Across the Sound, officials in Suffolk and Nassau counties on Long Island were planning the most ambitious municipal wireless project in the country, covering 750 square miles at an estimated cost of $105 million, according to Muniwireless.com.
The counties signed up with Tampa-based E-Path Communications, which was supposed to have two pilot locations set up by last December. E-Path also promised to create the network without using taxpayer dollars, using advertising to fund it, according to a story in Long Island Business News. None of it has happened.
An official with E-Path, which turned out to be a four-man operation that had never created a municipal wireless network, told LIBN the company didn’t have the money to cover the costs of creating the network.
Even the poster child of municipal wireless networks, Philadelphia, recently ran aground when Atlanta-based EarthLink, the leading provider of municipal networks up until now, announced it was getting out of the business.
Philadelphia’s municipal Wi-Fi network is the largest in the country, covering 135 square miles, and is 80 percent complete, but EarthLink has put the whole thing up for sale, effectively stalling any further progress.

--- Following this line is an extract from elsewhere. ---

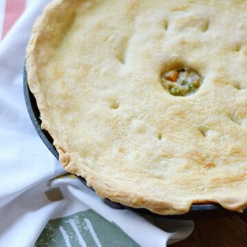 This pot pie can be baked in a 9-inch pie dish, cooking times will vary. A 12-inch skillet will also work as seen in the original image above, but it will be thinner and you will need to adjust the cooking time.
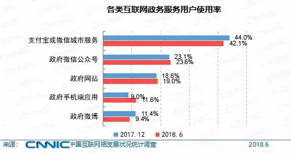截至2018年6月,我國在線政務(wù)服務(wù)用戶規(guī)模達(dá)到4.70億,占總體網(wǎng)民的58.6%,有42.1%的網(wǎng)民通過支付寶或微信城市服務(wù)平臺獲得政務(wù)服務(wù)。

While EarthLink has refused to reveal how many subscribers it has in Philadelphia, Barr said Hartford has 9,000 subscribers to its still-free pilot network. She said the city has also been “very successful” in delivering low-cost computers to residents who requested them, and also received training.
The city had provided nearly 300 refurbished computers to residents for $150 as of last summer, and is still offering training at the city library. But the free computers have run out.
If you are in the wireless hotspots that are working you can see if you can register with Hartford’s service by going to the city’s Web site at www.hartford.gov and choosing “Wireless Hartford” from the “Select a Service” menu in the left column.
Given the chaotic state of municipal wireless networks around the country, it would be tempting to say Hartford isn’t doing so badly. But the city isn’t exactly burning up the wireless air waves either, and former city councilman Bob Painter sees a familiar pattern in the slowly lurching progress of the program.
“Unfortunately, as with many of the mayor’s awfully good projects, he gets excited on launching it but then there aren’t enough resources or people to make sure it continues on,” said Painter.